Maisie’s mouth went dry.
She hadn’t thought of it like that. Not in words. But of course—if Faivish came back, if she found him, if love could stretch across everything and reach again—they would be a family. What would Faivish say to her changed circumstances?
“I suppose we would,” she said softly. “Yes.”
She bit the inside of her cheek, watching him. She didn’t know what he’d say. Whether it would be too much. Whether the idea of afather would push him away.
A moment passed.
Then John spoke, very softly. “I’ve never had a father who was here.” His fingers stopped drawing. “I’d like to have one.”
Maisie didn’t trust herself to answer. She just reached across the table and let her fingers rest lightly on the edge of his paper, close enough to be felt, but not so close as to press.
One day, she thought. If love can find its way back. If Faivish is out there… I’ll bring him home.
Behind her, Deena came in with the wind still clinging to her shawl. She carried a few scraps of paper and a dusting of flour down one sleeve. “I took the letters to the post.”
Maisie turned, her thread still looped through the needle. “Which letters?”
Deena was already at the hearth, dusting her hands. “The ones on your escritoire. You sealed them, so I assumed they were ready.”
Maisie’s heart thudded once. “Even the one with no address?”
Deena gave a small shrug. “It said something about a missing person.

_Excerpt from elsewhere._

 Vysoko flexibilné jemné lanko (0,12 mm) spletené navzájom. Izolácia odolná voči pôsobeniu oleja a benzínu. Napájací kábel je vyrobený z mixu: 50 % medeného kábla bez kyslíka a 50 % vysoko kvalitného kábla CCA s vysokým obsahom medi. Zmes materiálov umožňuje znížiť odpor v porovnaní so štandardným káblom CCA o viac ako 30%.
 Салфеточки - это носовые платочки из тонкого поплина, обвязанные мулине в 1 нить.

Just capital letters, I think?” She paused.
“Initials.” Maisie spoke without taking a new breath. “I hadn’t meant to send that one.”

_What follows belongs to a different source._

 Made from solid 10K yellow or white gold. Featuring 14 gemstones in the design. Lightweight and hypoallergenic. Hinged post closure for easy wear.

“I thought you did,” Deena said, more gently now. “It was sealed.”
“I sealed it so I wouldn’t keep reading it,” Maisie said, setting the shirt aside. Her voice was too even. “It was for Faivish.”
Deena stilled. “You didn’t write his name. You don’t know where he is.”

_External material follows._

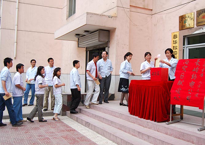 為了給予災(zāi)區(qū)人民及時(shí)救助,公司工會(huì)向全體員工發(fā)起抗震救災(zāi)捐款倡議,號(hào)召大家為災(zāi)區(qū)人民捐款捐物,用點(diǎn)滴愛(ài)心,匯成無(wú)限的真情,為災(zāi)區(qū)人民貢獻(xiàn)一份力量;用實(shí)際行動(dòng)支援災(zāi)區(qū)人民!并于5月16日下午,舉行了“一方有難 八方支援”為主題的抗震救災(zāi)捐款儀式。在公司總經(jīng)理薛冬泉的帶頭下,紡電公司487位員工紛紛解囊,捐款的隊(duì)伍排成了長(zhǎng)隊(duì),截止到5月19日長(zhǎng)嶺紡電公司職工共捐款39601元。目前此筆捐款已通過(guò)集團(tuán)工會(huì)轉(zhuǎn)交寶雞市救災(zāi)募捐辦公室。

“No. I wouldn’t.” Maisie walked to the edge of the table and placed her palms flat. The air between them shifted. “That’s why I never ask anyone. Never write to anyone official. I don’t even use his name when I speak.”
Deena said nothing, but her face sobered.
“You know what they are doing,” Maisie continued quietly. “Clerks copying synagogue records. Sifting through shipping manifests. Keeping books on where Jews live, what they own.”
“List is in London now, Rachel said,” Deena added. “Buying off printers. Paying boys to sit in Jewish shops and report who comes and goes.”
Maisie nodded. “If I put Faivish’s name on a letter and it lands in the wrong hands…” She trailed off. “He could be in danger.”
“But you don’t know where he is.” Deena said and Maisie knew what that meant. I don’t even know if he’s alive and has returned from India.
Maisie looked down at the table, her fingers brushing a thread someone had missed.
The silence thickened. The fire cracked low. Outside, the same rough voice called again, some street name twisted into an order, half-sung, half-cursed.
Maisie turned back to John with a pained smile.I’d like to be a real family with Faivish here, too.
“You didn’t mean to send it,” Deena said, as if mourning the deed.
“No,” Maisie murmured. “But it’s gone now.”
Love meant not shouting his name to the world, even if it ached to keep it hidden. Love meant staying quiet, staying careful.
Because even far apart, she would not be the one who endangered him. Not her Faivish.